When people start debating the realism of the heart surgery or whatever, I sincerely question their intelligence.
Because it’s a fucking movie about robots. A post-apocalyptic future where machines rule the world and create human-hunting robots is believable, but the smaller details are just to much to accept.
In T3, we learned Skynet had no central core. Rather it was dispersed among computers all through the Internet, including in college dorms and so forth.
So after Skynet had blown the world all to hell with nuclear weapons, how did those computers remain powered?
And how did they get connected to equipment with enough manufacturing capability, in such a manner that human hands, deliveries by humans, etc were not required, to produce all the things Skynet produced?
But I do think the heart thing was stupid. As suggested it may result from a last-minute rewrite / added shoot, as if it had been planned out in the first place the injury could have been more plausible, such as a simple stabbing.
[quote]Bill Roberts wrote:
And how did they get connected to equipment with enough manufacturing capability, in such a manner that human hands, deliveries by humans, etc were not required, to produce all the things Skynet produced?[/quote]
Easy answer here.

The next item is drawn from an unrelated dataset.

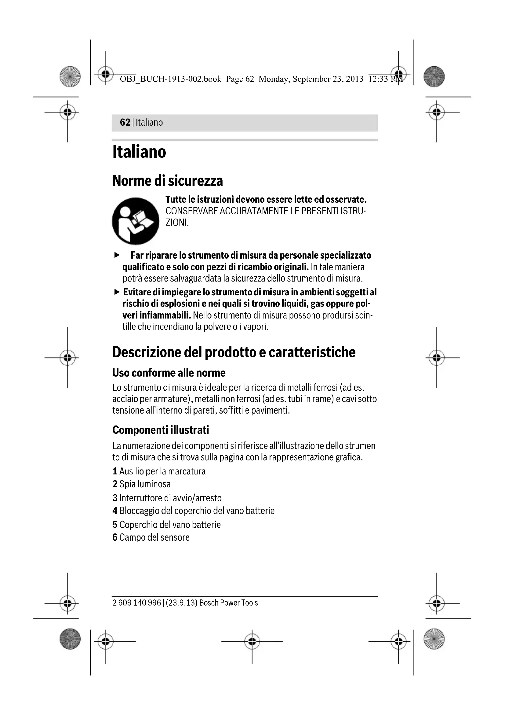 - in base al materiale e alla dimensione degli oggetti, oltre al materiale e alle condizioni del fondo (pareti, soffitti, pavimenti) ** ridotta profondità di localizzazione in caso di cavi non conduttori di tensione Un fondo con caratteristiche sfavorevoli può compromettere la precisione e la profondità di localizzazione del risultato di misurazione. Henk Becker Executive Vice President Engineering Helmut Heinzelmann Head of Product Certification PT/ETM9 OBJ_BUCH-1913-002.book Page 63 Monday, September 23, 2013 12:33 PM64 | Italiano 2 609 140 996 | (23.9.13) Bosch Power Tools Robert Bosch GmbH, Power Tools Division D-70745 Leinfelden-Echterdingen Leinfelden, 26.08.2013 Montaggio Applicazione/sostituzione delle batterie Per l’impiego dello strumento di misura si raccomanda di utilizzare batte- rie alcaline al manganese. Per aprire il coperchio del vano batterie 5 premere sul bloccaggio 4 ed sol- levare il coperchio del vano batterie. Inserire le batterie, facendo attenzio- ne alla corretta polarizzazione, conformemente all’illustrazione riportata sul lato interno del vano batterie. Se lo strumento di misura non viene impiegato per lunghi periodi, prelevare le batterie dallo strumento stesso. Un immagazzinaggio prolungato può comportare la corrosione o l’autoscaricamento delle batterie. Uso Messa in funzione Proteggere lo strumento di misura da liquidi e dall’esposizione di- retta ai raggi solari. Non esporre mai lo strumento di misura a temperature oppure a sbalzi di temperatura estremi. P.es. non lasciarlo per lungo tempo in macchina. In caso di elevati sbalzi di temperatura lasciare adattare alla temperatura ambientale lo strumento di misura prima di metterlo in funzione. Temperature oppure sbalzi di temperatura estremi possono pregiudicare la precisione dello strumento di misura. Evitare forti colpi e cadute dello strumento di misura. Accensione/spegnimento Prima di mettere in funzione lo strumento di misura accertarsi che il campo del sensore 6 non sia umido. In tal caso si consiglia di utiliz- zare un panno di stoffa per asciugare lo strumento. Per accendere lo strumento di misura, premere verso il basso l’interruttore di avvio/arresto 3. OBJ_BUCH-1913-002.book Page 64 Monday, September 23, 2013 12:33 PMItaliano | 65 Bosch Power Tools 2 609 140 996 | (23.9.13) Dopo un breve auto-test, lo strumento di misura sarà pronto all’uso. L’operatività dello strumento verrà indicata dall’illuminazione della spia di segnalazione 2. Se dopo l’accensione la spia di segnalazione 2 non si illu- mina, occorre sostituire le batterie. Per spegnere lo strumento di misura, premere verso l’alto l’in- terruttore di avvio/arresto 3. Se entro ca. 10 minuti non avviene alcuna misurazione, lo strumento di misura si spegne automaticamente per proteggere le batterie. Nota bene: Se lo strumento di misura si è spento automaticamente, l’in- terruttore di avvio/arresto 3 si troverà ancora in posizione «ON». Per riac- cendere lo strumento di misura, premere l’interruttore di avvio/arresto 3 dapprima in posizione «OFF», quindi nuovamente in posizione «ON». Modi operativi Lo strumento di misura rileva oggetti che si trovano al di sotto del campo del sensore 6. Prima di praticare fori, intagli o fresature nella parete, informarsi da ulteriori fonti riguardo ai possibili pericoli. Poiché influssi ambientali o le caratteristiche della parete possono ridurre la precisione e la profon- dità di localizzazione dello strumento di misura, può esservi rischio che nel raggio d’azione del sensore si trovino oggetti, sebbene il display non ne indichi la presenza (spia di segnalazione 2 accesa con luce verde). Spia di segnalazione Spiegazione Verde Nessun oggetto localizzato Giallo – Oggetto metallico in prossimità del sen- sore – Oggetto metallico piccolo o in profondità nel raggio d’azione del sensore, oppure – Cattive prestazioni del sensore a causa di caratteristiche sfavorevoli della parete Luce rossa e segnale acu- stico continuo Localizzato oggetto metallico nel raggio d’azione del sensore Luce rossa lampeggiante (lampeggio veloce) e se- quenza di segnali acustici ad impulsi Localizzato cavo sotto tensione OBJ_BUCH-1913-002.book Page 65 Monday, September 23, 2013 12:33 PM66 | Italiano 2 609 140 996 | (23.9.13) Bosch Power Tools Rilevazione di oggetti metallici Dopo l’accensione la spia luminosa 2 è illuminata in verde. Applicare lo strumento di misura sulla superficie da esaminare e spostarlo in direzione laterale. – Se nel fondo non è localizzabile alcun oggetto metallico, la spia di se- gnalazione 2 resterà accesa con luce verde e non verrà emesso alcun segnale acustico. – Se lo strumento di misura si avvicina ad un oggetto metallico, la spia di segnalazione 2 si accende dapprima con luce gialla e, all’avvicinarsi dell’oggetto metallico, passa a luce rossa. Quando la spia di segnalazio- ne passa a luce rossa, viene inoltre emesso un segnale acustico, la cui altezza di tonalità aumenta all’avvicinarsi dell’oggetto metallico. – Quando lo strumento si trova sopra un oggetto metallico, la spia di se- gnalazione 2 si accende con luce rossa e viene emesso un segnale acu- stico con altezza di tonalità massima. Anche quando la spia di segnalazione 2 è accesa con colore giallo, un oggetto metallico potrebbe trovarsi sotto il raggio d’azione del sensore. Oggetti metallici piccoli o in profondità si trovano in prossimi- tà del sensore, oppure le caratteristiche della parete compromettono il risultato di misurazione. Al primo passaggio sopra l’oggetto metallico, la sua po- sizione verrà indicata in modo approssimativo. Pas- sando più volte lo strumento di misura sopra l’oggetto metallico, l’oggetto verrà localizzato in modo sempre più preciso. Dopo ripetuti passaggi sopra l’oggetto (senza sollevare lo strumento di misura dal fondo), la posizione dell’oggetto metallico sarà visualizzabile con precisione: quando la spia di segnalazione 2 s

Remember a Steven King flick/book called “Maximum Overdrive”? Same principle. (That’s my story and I’m sticking to it.)
[quote]Vicomte wrote:
It’s a movie about fucking robots.
When people start debating the realism of the heart surgery or whatever, I sincerely question their intelligence.
Because it’s a fucking movie about robots. A post-apocalyptic future where machines rule the world and create human-hunting robots is believable, but the smaller details are just to much to accept.
Fuck me.
[/quote]
Bingo. The robot somehow designed to look and sound like an Austrian bodybuilder…you know, so it can blend in…is somehow easy to accept…BUT HEART SURGERY IN A DESERT!!!
The military has equipment to do surgery in a desert. Mind you, that is in the year 2009. I would hope that in the future, we can still do it.
The only thing they fucked up apparently was showing how it can be done to people who aren’t aware.
Unlikely? Of course…but if THAT (the last fucking scene in the whole movie) is what causes you to say it sucked, check your own sanity.
[quote]Bill Roberts wrote:
And how did they get connected to equipment with enough manufacturing capability, in such a manner that human hands, deliveries by humans, etc were not required, to produce all the things Skynet produced?[/quote]
Easy answer here. Remember a Steven King flick/book called “Maximum Overdrive”? Same principle. (That’s my story and I’m sticking to it.)